[[ EXTRACTED RECORDS open ]]

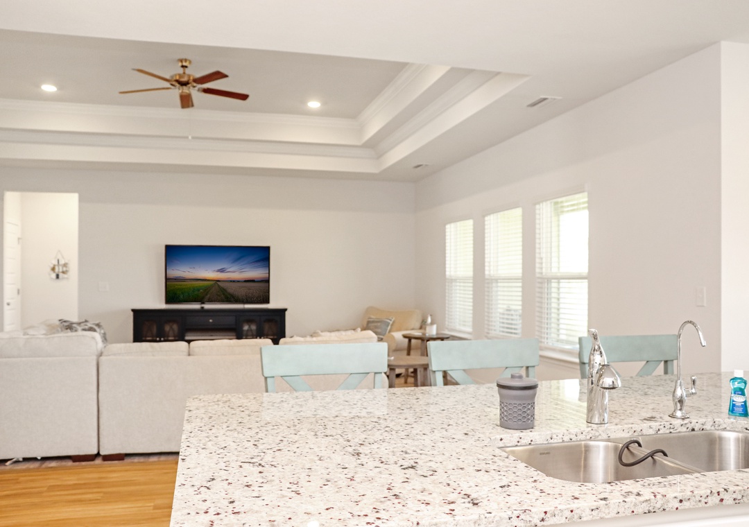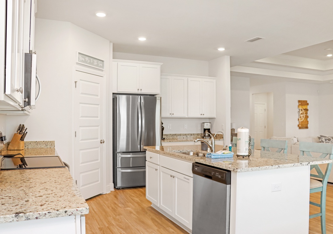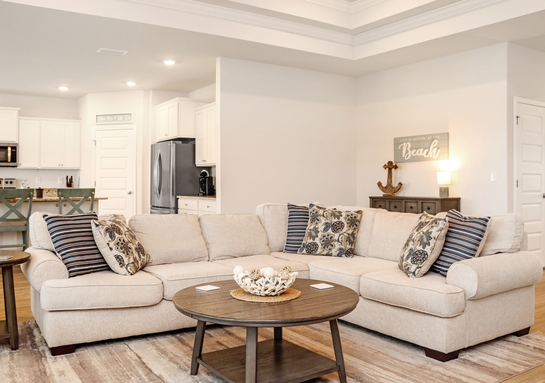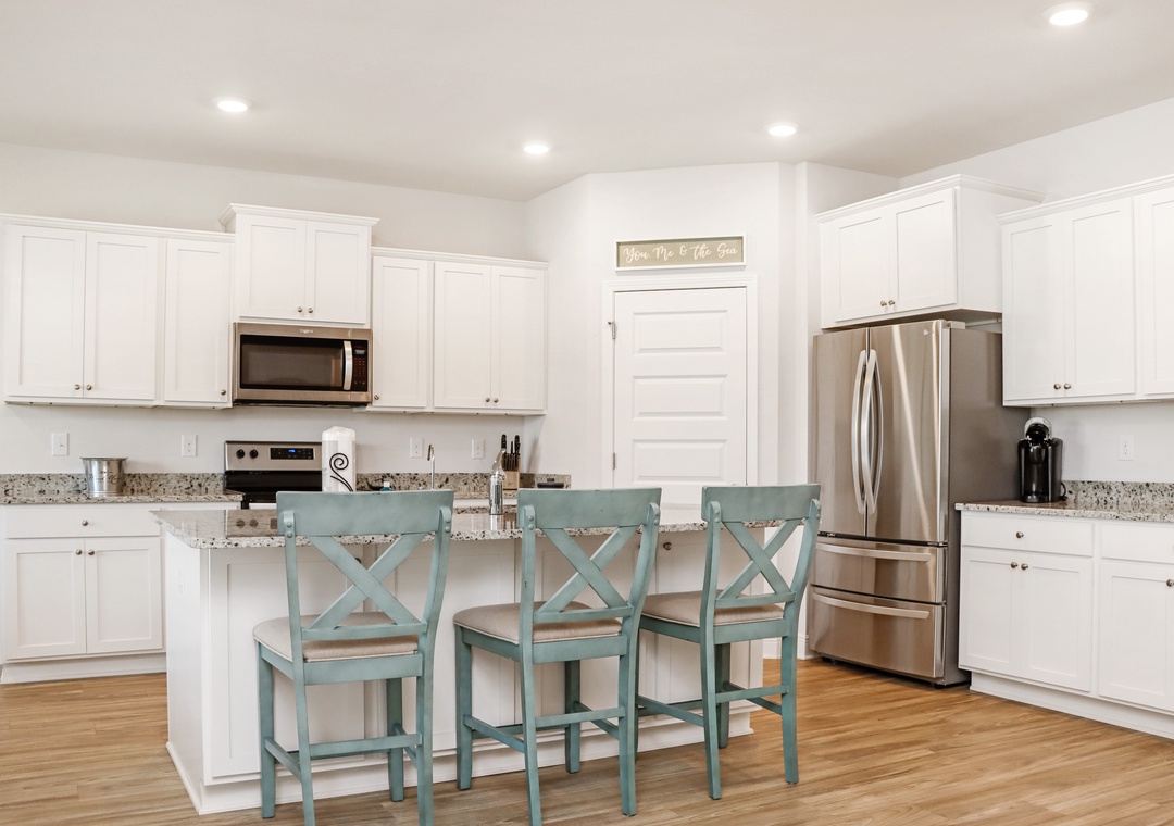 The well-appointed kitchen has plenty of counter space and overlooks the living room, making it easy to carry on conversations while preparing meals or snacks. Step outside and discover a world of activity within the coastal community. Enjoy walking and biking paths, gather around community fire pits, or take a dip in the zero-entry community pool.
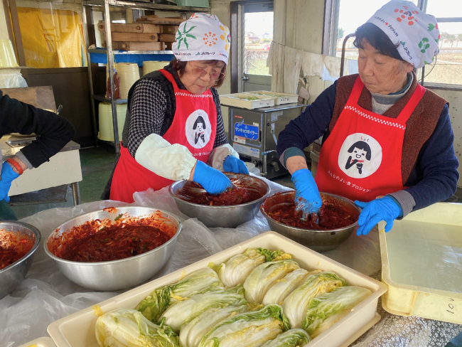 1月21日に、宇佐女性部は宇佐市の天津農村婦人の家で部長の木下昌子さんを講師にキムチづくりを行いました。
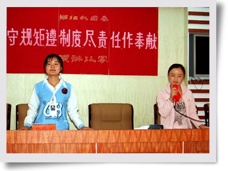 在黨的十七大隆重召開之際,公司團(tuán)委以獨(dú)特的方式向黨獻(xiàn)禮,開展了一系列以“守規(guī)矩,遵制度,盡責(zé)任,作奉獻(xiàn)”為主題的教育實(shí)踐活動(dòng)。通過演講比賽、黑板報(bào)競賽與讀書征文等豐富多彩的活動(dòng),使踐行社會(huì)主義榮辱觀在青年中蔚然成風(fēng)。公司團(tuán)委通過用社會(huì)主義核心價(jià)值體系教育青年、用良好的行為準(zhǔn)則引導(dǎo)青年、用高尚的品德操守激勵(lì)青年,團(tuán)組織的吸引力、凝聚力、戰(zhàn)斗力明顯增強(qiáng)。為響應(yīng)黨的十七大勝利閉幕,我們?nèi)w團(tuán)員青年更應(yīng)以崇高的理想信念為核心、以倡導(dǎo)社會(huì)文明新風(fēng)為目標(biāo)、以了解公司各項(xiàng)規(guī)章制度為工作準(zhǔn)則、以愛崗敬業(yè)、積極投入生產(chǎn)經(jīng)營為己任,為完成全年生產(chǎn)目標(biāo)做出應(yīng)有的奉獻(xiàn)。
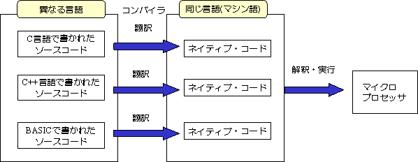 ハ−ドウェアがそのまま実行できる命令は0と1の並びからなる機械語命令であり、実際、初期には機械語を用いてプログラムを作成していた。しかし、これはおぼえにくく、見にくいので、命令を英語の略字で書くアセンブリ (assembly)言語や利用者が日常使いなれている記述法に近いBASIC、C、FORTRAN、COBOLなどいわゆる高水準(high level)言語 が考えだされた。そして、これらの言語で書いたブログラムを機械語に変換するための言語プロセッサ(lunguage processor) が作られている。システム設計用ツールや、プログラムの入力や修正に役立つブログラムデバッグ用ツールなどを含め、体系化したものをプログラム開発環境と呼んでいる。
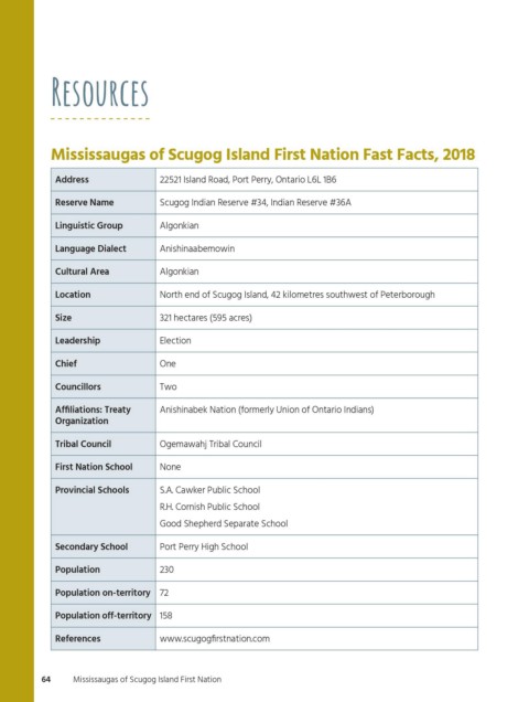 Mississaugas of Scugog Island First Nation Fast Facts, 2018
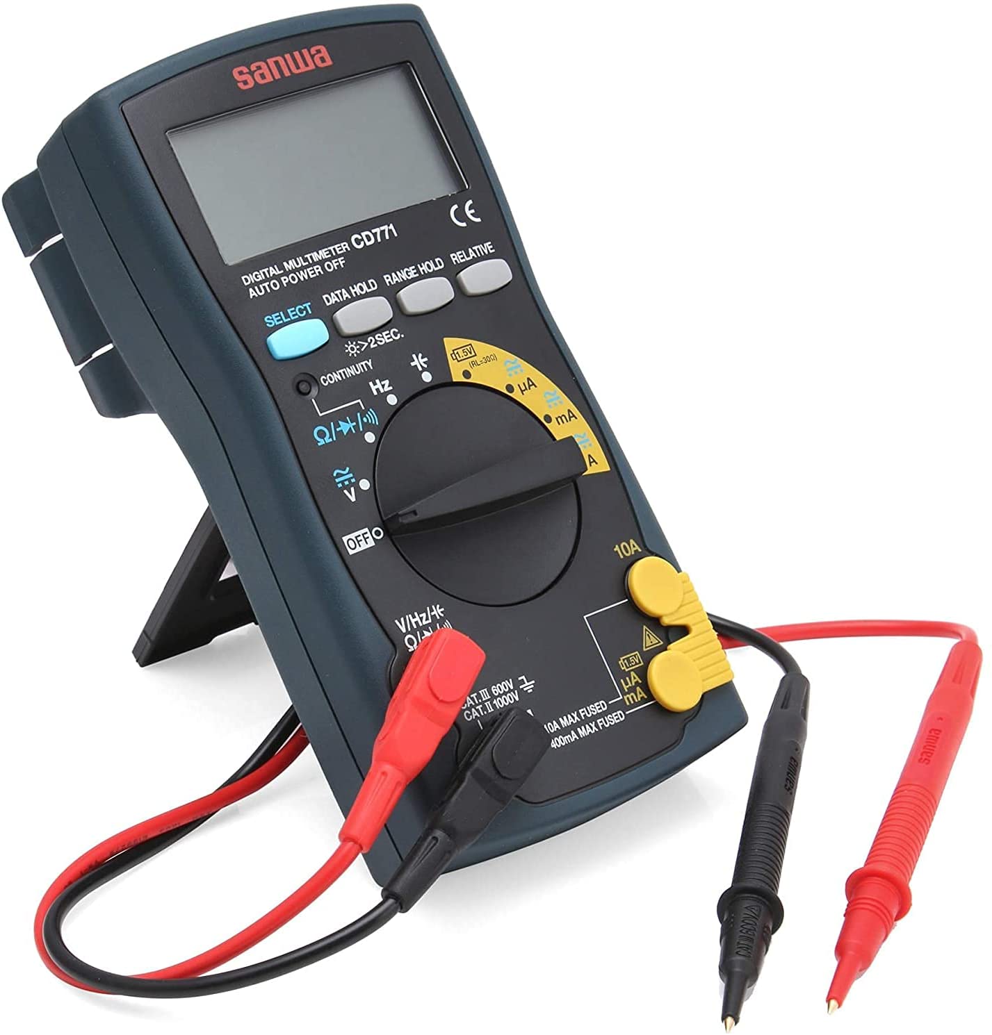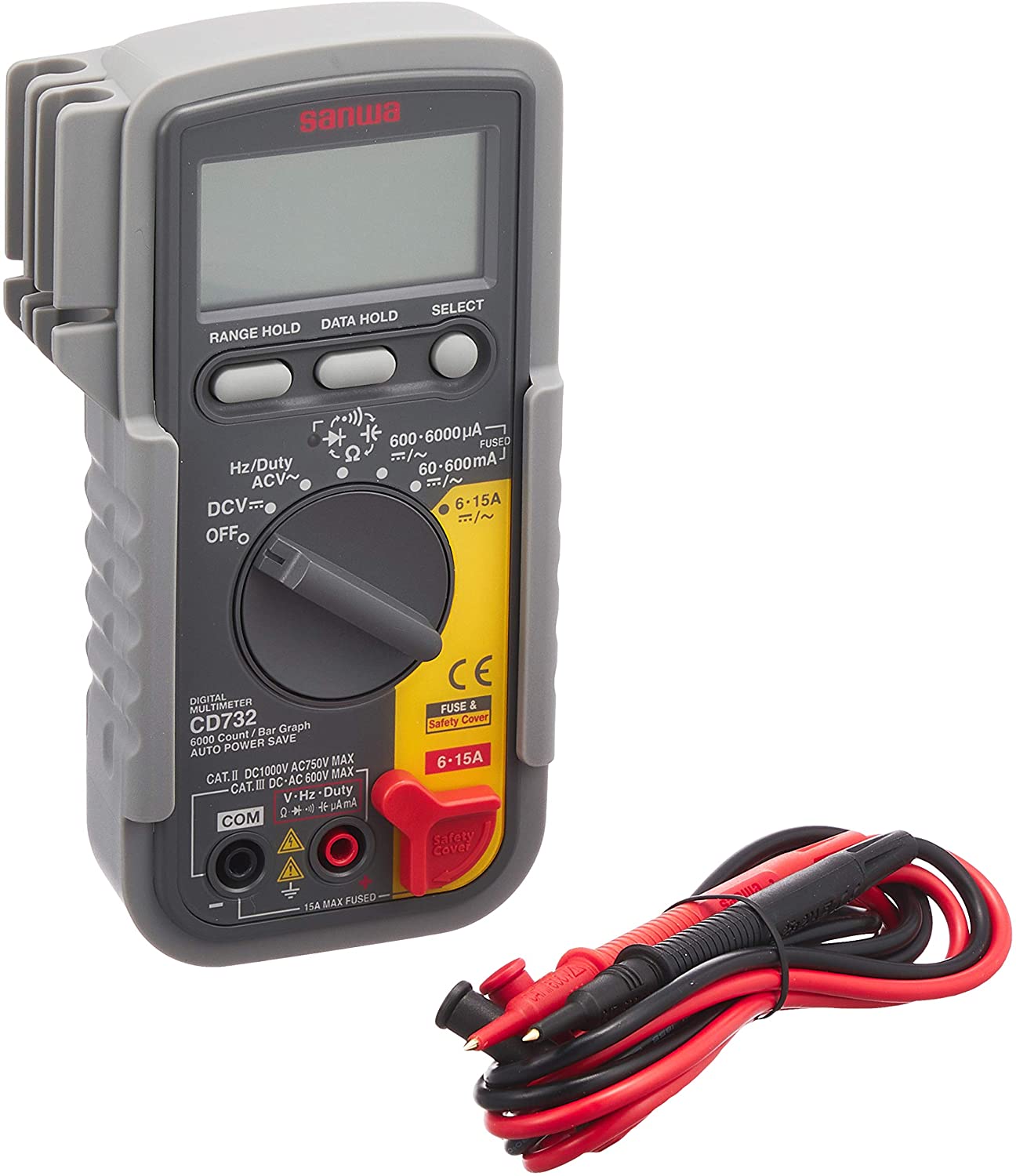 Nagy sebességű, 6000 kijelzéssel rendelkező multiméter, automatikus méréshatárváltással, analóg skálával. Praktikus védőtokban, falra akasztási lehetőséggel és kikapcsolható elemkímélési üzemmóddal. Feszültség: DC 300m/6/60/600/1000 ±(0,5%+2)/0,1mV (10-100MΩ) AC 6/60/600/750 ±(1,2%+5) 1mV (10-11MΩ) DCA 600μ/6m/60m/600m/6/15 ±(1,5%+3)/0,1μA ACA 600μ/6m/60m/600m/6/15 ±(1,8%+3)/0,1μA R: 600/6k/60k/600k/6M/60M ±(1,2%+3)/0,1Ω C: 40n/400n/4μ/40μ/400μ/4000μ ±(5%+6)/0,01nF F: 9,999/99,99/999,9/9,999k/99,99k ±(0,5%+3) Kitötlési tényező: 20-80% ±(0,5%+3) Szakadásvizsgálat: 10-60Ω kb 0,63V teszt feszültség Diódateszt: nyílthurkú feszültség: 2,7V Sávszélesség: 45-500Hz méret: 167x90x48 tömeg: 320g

[[ EXTRACTED RECORDS closed ]]

> WHAT YOU HAVE TO DO:
Your copy should be the entries retyped exactly, with no images in it.

> TASK ANSWER:
 The well-appointed kitchen has plenty of counter space and overlooks the living room, making it easy to carry on conversations while preparing meals or snacks. Step outside and discover a world of activity within the coastal community. Enjoy walking and biking paths, gather around community fire pits, or take a dip in the zero-entry community pool.
 1月21日に、宇佐女性部は宇佐市の天津農村婦人の家で部長の木下昌子さんを講師にキムチづくりを行いました。
 在黨的十七大隆重召開之際,公司團(tuán)委以獨(dú)特的方式向黨獻(xiàn)禮,開展了一系列以“守規(guī)矩,遵制度,盡責(zé)任,作奉獻(xiàn)”為主題的教育實(shí)踐活動(dòng)。通過演講比賽、黑板報(bào)競賽與讀書征文等豐富多彩的活動(dòng),使踐行社會(huì)主義榮辱觀在青年中蔚然成風(fēng)。公司團(tuán)委通過用社會(huì)主義核心價(jià)值體系教育青年、用良好的行為準(zhǔn)則引導(dǎo)青年、用高尚的品德操守激勵(lì)青年,團(tuán)組織的吸引力、凝聚力、戰(zhàn)斗力明顯增強(qiáng)。為響應(yīng)黨的十七大勝利閉幕,我們?nèi)w團(tuán)員青年更應(yīng)以崇高的理想信念為核心、以倡導(dǎo)社會(huì)文明新風(fēng)為目標(biāo)、以了解公司各項(xiàng)規(guī)章制度為工作準(zhǔn)則、以愛崗敬業(yè)、積極投入生產(chǎn)經(jīng)營為己任,為完成全年生產(chǎn)目標(biāo)做出應(yīng)有的奉獻(xiàn)。
 ハ−ドウェアがそのまま実行できる命令は0と1の並びからなる機械語命令であり、実際、初期には機械語を用いてプログラムを作成していた。しかし、これはおぼえにくく、見にくいので、命令を英語の略字で書くアセンブリ (assembly)言語や利用者が日常使いなれている記述法に近いBASIC、C、FORTRAN、COBOLなどいわゆる高水準(high level)言語 が考えだされた。そして、これらの言語で書いたブログラムを機械語に変換するための言語プロセッサ(lunguage processor) が作られている。システム設計用ツールや、プログラムの入力や修正に役立つブログラムデバッグ用ツールなどを含め、体系化したものをプログラム開発環境と呼んでいる。
 Mississaugas of Scugog Island First Nation Fast Facts, 2018
 Nagy sebességű, 6000 kijelzéssel rendelkező multiméter, automatikus méréshatárváltással, analóg skálával. Praktikus védőtokban, falra akasztási lehetőséggel és kikapcsolható elemkímélési üzemmóddal. Feszültség: DC 300m/6/60/600/1000 ±(0,5%+2)/0,1mV (10-100MΩ) AC 6/60/600/750 ±(1,2%+5) 1mV (10-11MΩ) DCA 600μ/6m/60m/600m/6/15 ±(1,5%+3)/0,1μA ACA 600μ/6m/60m/600m/6/15 ±(1,8%+3)/0,1μA R: 600/6k/60k/600k/6M/60M ±(1,2%+3)/0,1Ω C: 40n/400n/4μ/40μ/400μ/4000μ ±(5%+6)/0,01nF F: 9,999/99,99/999,9/9,999k/99,99k ±(0,5%+3) Kitötlési tényező: 20-80% ±(0,5%+3) Szakadásvizsgálat: 10-60Ω kb 0,63V teszt feszültség Diódateszt: nyílthurkú feszültség: 2,7V Sávszélesség: 45-500Hz méret: 167x90x48 tömeg: 320g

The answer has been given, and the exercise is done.